Prehistoric Ethnology, under the dual supervision of the CNRS and the University of Paris 1 Panthéon Sorbonne, resulted from an evolution of the laboratory of the same name founded in 1967 by André Leroi-Gourhan. Initially based at the Collège de France and the Musée de l’Homme, and later in the south of Paris (rue de l’Amiral Mouchez in the mid-1980s), the laboratory became a component or the UMR 7041 ArScAn in 1997 at the Maison René Ginouvès in Nanterre. The palethnological approach to human societies represents the core identity of the team’s work, rather than the various archaeological periods and field sites under study. The main topics of research correspond for the most part to André Leroi-Gourhan’s favoured fields of research: technology, dwelling sites, art and funerary practices. In addition, the excavation of prehistoric occupations (Pincevent, Étiolles, Ormesson, Mallaha, Offing, etc.) were, and remain, instrumental as “laboratories” for the reconstitution of cultural traditions and behaviours of past societies. The team members have been leading research in different parts of the world (Africa, Europe, Oceania, Patagonia, Near East), and have developed close collaborations with many international research institutions. In parallel to these chronological and/or geographical approaches, epistemological and historiographical approaches have been developed and, more recently, the valorisation of research.

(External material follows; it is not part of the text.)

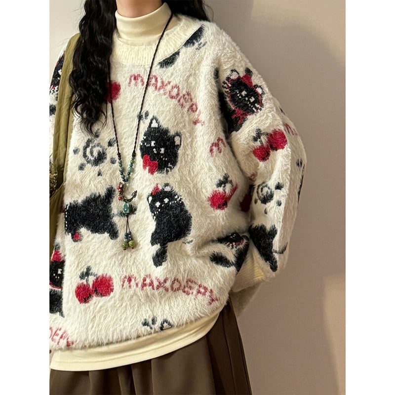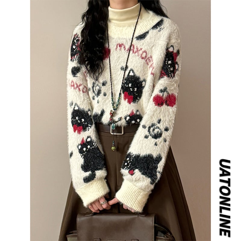 ♥愛らしいチェリー&猫柄ニット!【UATONLINEシリーズ】★セーター★ ユニセックス ニットトップス 猫 ねこ ネコ

Many collaborations between these two complementary research teams developed over the course of generations and joint research programs. Consequently, the fusion of the two teams and the creation of a new research unit (UMR) provided an opportunity to build on our achievements and further develop our scientific expertise, all within a specialised pole of Prehistoric research with well-defined methodological approaches, a long history of field experience, mutually supportive teaching and an extensive international network.

2022-2026 scientific project

With its wide chronological and geographical range, the UMR TEMPS covers research topics spanning from the first human populations of Europe to the emergence of cities and writing systems. The scientific architecture of the unit is organised around broad chrono-cultural areas that are crosscut by transverse theoretical and methodological themes:

  • The main research framework of the UMR is composed of three main axes, which correspond to the main chronological and geographical domains investigated via numerous fieldwork programs across the five continents. Two of these correspond to the historical core of both teams united in this new UMR: Palaeolithic hunter-gatherers of Western Europe and societies in the process of Neolithization in the Levant, Africa and Europe. A third, innovative axis has been added, focusing on the maritime societies of Southeast Asia, the Pacific, and South America. In these specific contexts, oral traditions, linguistics and ethnohistory provide valuable sources of information in conjunction with archaeological data to trace and understand specific historical trajectories.
  • Five transverse themes centred on specific theoretical and methodological research questions bring together all the members of the UMR in collective transversal work, regardless of chronological or geographical boundaries. These have been designed on different scales, from individual to collective, from sites to territories, and from short to long term. Three of them address transcultural archaeological issues (technological and symbolic practices, exploitation of the environment and transformation of resources, mobility) based on the foundational methodological approaches of the two teams. The last two themes aim to develop a reflexive examination on the construction of our research practices, their evolution and the transmission of scientific knowledge
  • .A special pole, devoted to the promotion of research, endeavours to promote scientific knowledge to a wider public by linking archaeological research to current societal issues.
  • A reference collection platform renders our collections accessible for educational and scientific use: osteological reference collection, lithic raw materials reference collection, technological experimental collections, etc.